Выбрать главу

— А что, и мы пригодились, — заметил один из их.

— Так я за вами сто рубликов считать буду, — сказал Сбруев, не обращая внимания на замечание офицера.

— Можете считать хоть тысячи, этого никто вам запретить не сможет, — сказал я.

— Так вы рапорт подпишете?

— Подпишу.

— И отошлете?

— И отошлю.

— Так мое почтение.

— Куда же вы, разве не с нами обедаете?

— Нет, иду к Творжицкому, он меня звал; нельзя не идти, я к нему в роту перевожусь.

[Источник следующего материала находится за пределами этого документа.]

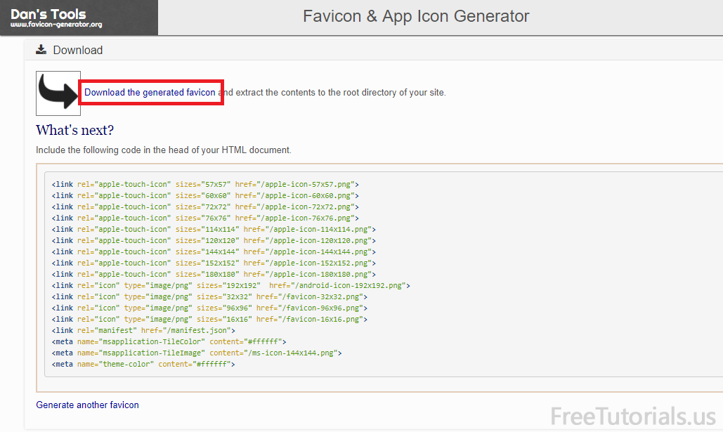 - Once image is processed, a new page will be opened. Click on “Download The Generated Favicon” link & it should start downloading the archive.

— Не смею удерживать в таком случае.

IV

По сдаче роты Сбруев избавил меня от своего приятного сообщества, и я продолжал поход с двумя молодыми ротными офицерами, прекрасными во всех отношениях, достойными юношами. Но испытания, предназначенные мне свыше (по выражению Сбруева), далеко не кончились. Однажды, после довольно утомительного перехода, расположился я с ротой на привале близ деревни, у которой отдыхало уже несколько рот. Люди составили ружья, сняли амуницию и принялись за свой солдатский завтрак; я подошел к группе офицеров, в грациозных и очень неграциозных позах лежавших на траве.

— А, добро пожаловать, только вас и поджидали! — сказал командир 1-й роты, подавая мне руку.

— Мое почтение, господа, — сказал я, усаживаясь возле них. — Что нового?

— Новости неотрадные, — заметил командир 8-й роты, маленький сухощавый штабс-капитан. — Какого вы мнения насчет вчерашней выходки нашего почтенного полкового командира?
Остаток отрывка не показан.